>>>
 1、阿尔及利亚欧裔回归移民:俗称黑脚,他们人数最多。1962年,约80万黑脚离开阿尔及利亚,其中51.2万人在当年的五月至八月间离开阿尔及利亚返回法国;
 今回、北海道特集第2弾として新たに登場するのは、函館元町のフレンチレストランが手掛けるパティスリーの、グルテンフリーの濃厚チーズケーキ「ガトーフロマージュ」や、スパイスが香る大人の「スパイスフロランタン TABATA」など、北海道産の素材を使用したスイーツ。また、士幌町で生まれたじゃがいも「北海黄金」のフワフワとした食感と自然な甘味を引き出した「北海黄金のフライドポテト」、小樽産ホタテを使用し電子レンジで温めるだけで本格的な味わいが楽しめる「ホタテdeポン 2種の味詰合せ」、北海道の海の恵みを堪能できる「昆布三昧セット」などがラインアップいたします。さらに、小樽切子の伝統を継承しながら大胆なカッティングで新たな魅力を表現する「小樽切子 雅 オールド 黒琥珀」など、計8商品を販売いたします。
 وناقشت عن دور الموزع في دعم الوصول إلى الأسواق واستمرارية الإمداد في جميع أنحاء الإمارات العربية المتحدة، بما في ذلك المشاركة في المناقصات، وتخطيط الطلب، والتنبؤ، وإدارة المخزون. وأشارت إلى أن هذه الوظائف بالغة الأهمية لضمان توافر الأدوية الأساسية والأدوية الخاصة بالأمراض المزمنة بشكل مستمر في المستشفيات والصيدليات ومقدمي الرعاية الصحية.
<<<
>>>
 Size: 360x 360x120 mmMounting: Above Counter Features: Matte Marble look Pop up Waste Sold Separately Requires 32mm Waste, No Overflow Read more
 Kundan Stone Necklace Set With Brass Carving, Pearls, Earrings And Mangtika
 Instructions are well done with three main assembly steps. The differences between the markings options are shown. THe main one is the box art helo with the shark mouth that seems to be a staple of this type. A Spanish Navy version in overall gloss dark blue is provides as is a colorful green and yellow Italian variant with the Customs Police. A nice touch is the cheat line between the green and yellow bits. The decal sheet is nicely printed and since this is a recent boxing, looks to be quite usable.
<<<
Take the lines above from the one containing "1、阿尔及利亚欧裔回归移民:俗称黑脚,他" to the one containing "وناقشت عن دور" and retype them exactly, both ends included, with nothing added.

▶ Answer to this exercise
 1、阿尔及利亚欧裔回归移民:俗称黑脚,他们人数最多。1962年,约80万黑脚离开阿尔及利亚,其中51.2万人在当年的五月至八月间离开阿尔及利亚返回法国;
 今回、北海道特集第2弾として新たに登場するのは、函館元町のフレンチレストランが手掛けるパティスリーの、グルテンフリーの濃厚チーズケーキ「ガトーフロマージュ」や、スパイスが香る大人の「スパイスフロランタン TABATA」など、北海道産の素材を使用したスイーツ。また、士幌町で生まれたじゃがいも「北海黄金」のフワフワとした食感と自然な甘味を引き出した「北海黄金のフライドポテト」、小樽産ホタテを使用し電子レンジで温めるだけで本格的な味わいが楽しめる「ホタテdeポン 2種の味詰合せ」、北海道の海の恵みを堪能できる「昆布三昧セット」などがラインアップいたします。さらに、小樽切子の伝統を継承しながら大胆なカッティングで新たな魅力を表現する「小樽切子 雅 オールド 黒琥珀」など、計8商品を販売いたします。
 وناقشت عن دور الموزع في دعم الوصول إلى الأسواق واستمرارية الإمداد في جميع أنحاء الإمارات العربية المتحدة، بما في ذلك المشاركة في المناقصات، وتخطيط الطلب، والتنبؤ، وإدارة المخزون. وأشارت إلى أن هذه الوظائف بالغة الأهمية لضمان توافر الأدوية الأساسية والأدوية الخاصة بالأمراض المزمنة بشكل مستمر في المستشفيات والصيدليات ومقدمي الرعاية الصحية.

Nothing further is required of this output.